Of course, there is no big difference in their performance from the general application scenario, and the potential advantage of ET is that the number of calls to the epoll_wait will be reduced, and in some scenarios the connection will not wake up when unnecessary wakeup (this wake refers to epoll_wait return). But if, as I said above, sometimes it is not simply a network problem, it is related to the application scenario. Of course, most of the open source framework is based on ET writing, the framework, it is the pursuit of pure technical problems, of course, strive for perfection.
Finally pull down the ticket ha: Http://vote.blog.csdn.net/blogstaritem/blogstar2013/russell_tao

Contact Us

The content source of this page is from Internet, which doesn't represent Alibaba Cloud's opinion; products and services mentioned on that page don't have any relationship with Alibaba Cloud. If the content of the page makes you feel confusing, please write us an email, we will handle the problem within 5 days after receiving your email.

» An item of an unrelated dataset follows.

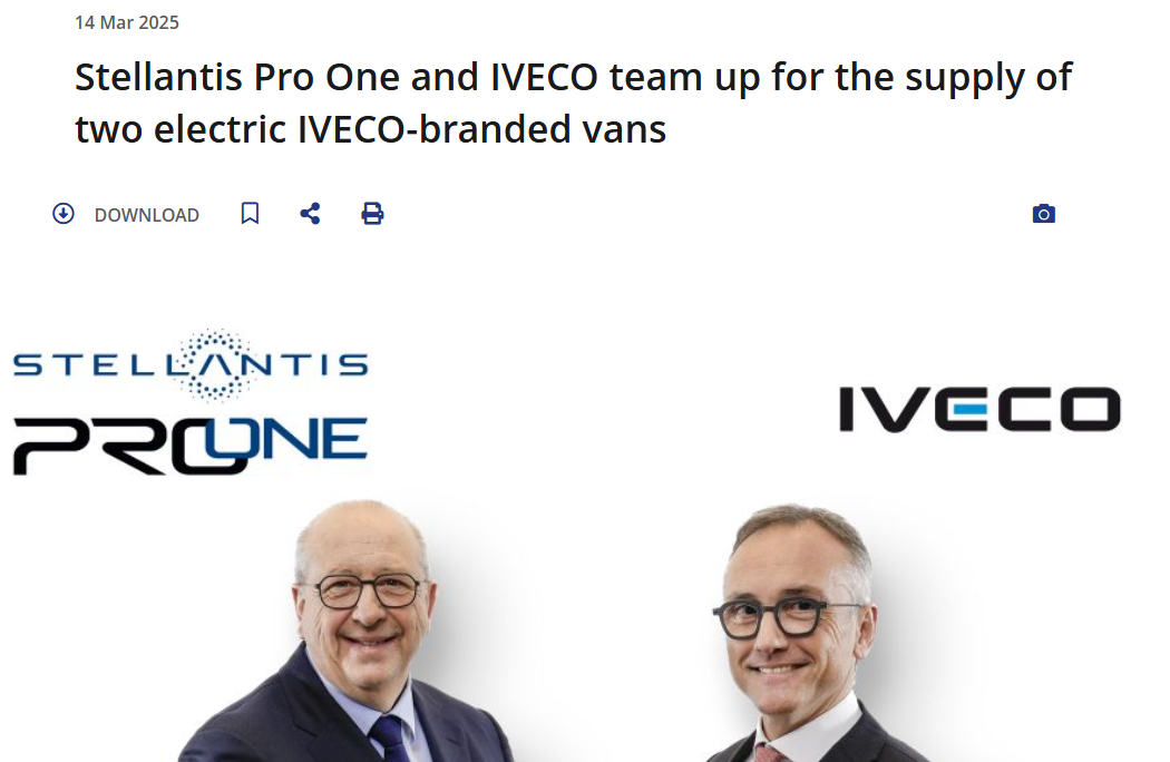3月14日,Stellantis旗下部门Stellantis Pro One宣布同依维柯达成合作,将在意大利阿泰萨、波兰格利维采和法国奥尔丹工厂生产依维柯的两款全电动厢式货车。交付后,依维柯将通过其现有销售及服务渠道在包括英国在内的欧洲市场销售这两款车型。

If you find any instances of plagiarism from the community, please send an email to: info-contact@alibabacloud.com and provide relevant evidence. A staff member will contact you within 5 working days.

A Free Trial That Lets You Build Big!

Start building with 50+ products and up to 12 months usage for Elastic Compute Service

  • Sales Support

    1 on 1 presale consultation

  • After-Sales Support

    24/7 Technical Support 6 Free Tickets per Quarter Faster Response

  • Alibaba Cloud offers highly flexible support services tailored to meet your exact needs.